The debt of King Philip of France to the Templars was great, in terms of both the money they had lent the king and in saving his life from the mobs of Paris. There was, however, no mutual admiration between the borrower and the lender. When the King asked to join the order he was refused. His hostility to the order induced him to mount false charges against the Templars and to bring in the Roman Pope. In one fateful day, Friday, October 13, 1307 the armies of France would attack Templar headquarters and arrest hundreds of knights. They would be tortured until they confessed to any charges leveled by their torturers. These included devil worship, homosexuality, spitting on the Cross and worshipping an idol in the form of a severed head. Many would die during torture; others would be burned at the stake.
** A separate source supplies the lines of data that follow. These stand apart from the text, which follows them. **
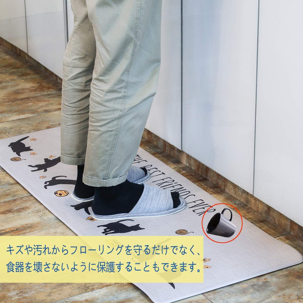 【厚いPVC】 足が疲れにく設計、もちもちの踏み心地でクッション性が高く台所マットです。長時間の立ち仕事も疲れにくい。このマットは素足でも、スリッパを履いたままでもいいです。物が落下しても衝撃を吸収し、床をキズやヘコミから守ります。
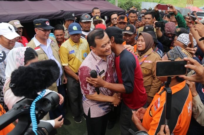 “Saya berharap kepada pemerintah supaya kami di sini dapat hunian lebih layak. Saya mewakili masyarakat yang terdampak tanah bergerak di sini hanya ingin semoga pemerintah dapat memberikan apa yang kami harapkan sekarang,” ujarnya yang langsung disambut pelukan dari Ahmad Luthfi.
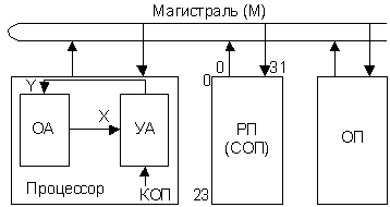 ЭВМ состоит из процессора, основной (оперативной) памяти (ОП), регистровой (сверхоперативной) памяти (РП) и средств ввода-вывода информации. Структурная схема ЭВМ показана на рисунке 1.1.
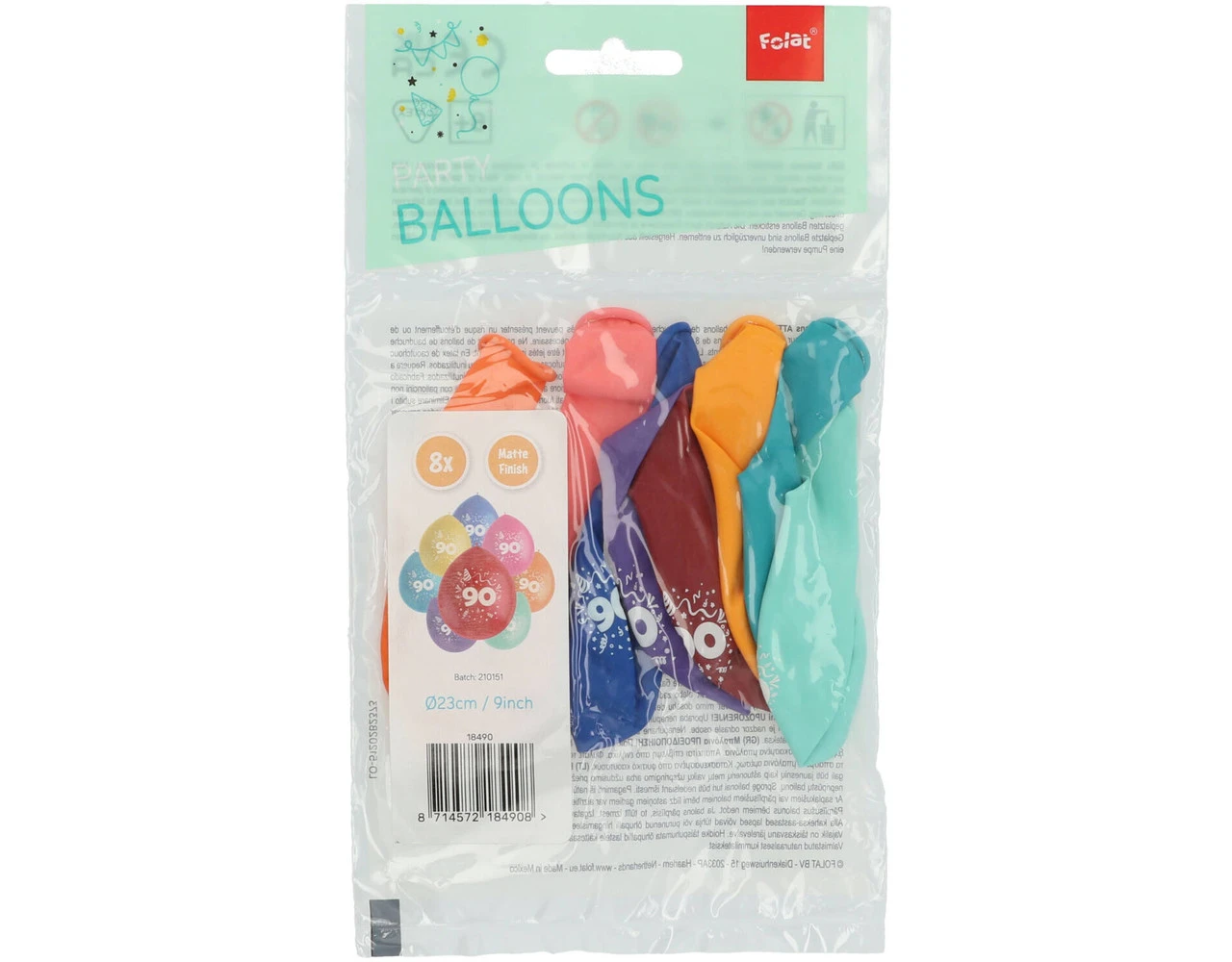 Ballonnen Color Pop 90 Jaar 23cm – 8 stuks. Inhoud: 8 latex ballonnen. Kleur: Meerkleurig. Bijvoorbeeld te gebruiken tijdens de volgende feestgelegenheid/feestgelegenheden: Verjaardag en Jubileum. Elke ballon is 9 inch/23 cm. Het artikel is gemaakt van latex.
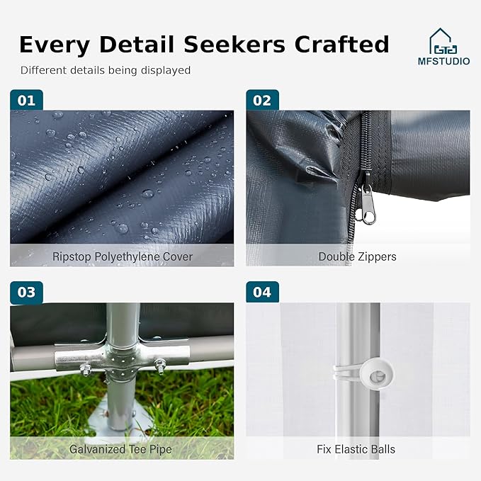 - Extra-thick Waterproof Protective Fabric: Garage shed all-season protective tarp made of extra-thick fabric material, ear-proof, waterproof and anti-UV, capable of withstanding wind, rain, snow, and sun, Your items will be intact and protected all year round
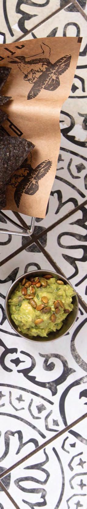 And it’s this very personal taco that brings Hamlin’s New Orleans air to his menu of fusion eats. e How Ya Durin is the taco version of a traditional, Louisiana-style shimp po boy, with fried shrimp, pickled chayote, cabbage, red onion and house-made remoulade all tucked inside a tortilla by Mitla, a local tortilleria that worked with Hamlin to create a custom Papi’s recipe.

While the goal of defeating the order had succeeded, the real goal of King Philip had failed. Before that fateful October day, the Paris Temple, the headquarters of the world's only bank, had been tipped off. The treasures had been loaded on wagon trains and carried overland to the port of La Rochelle. There the wealth of the order was placed aboard Templar ships. The Templar fleet then simply disappeared.
The destination of the Templar fleet has been debated since. Templars might have found refuge in Portugal where their organization survived as the Knights of Christ. They might have found refuge in England under King Edward, who would take his time in seeking out and prosecuting Templars. The numerous islands off the west and north coasts of Scotland are a very likely refuge. Templars and the King of Scotland had much in common. Both suffered under the ban of excommunication, and both would soon be under attack by King Edward of England.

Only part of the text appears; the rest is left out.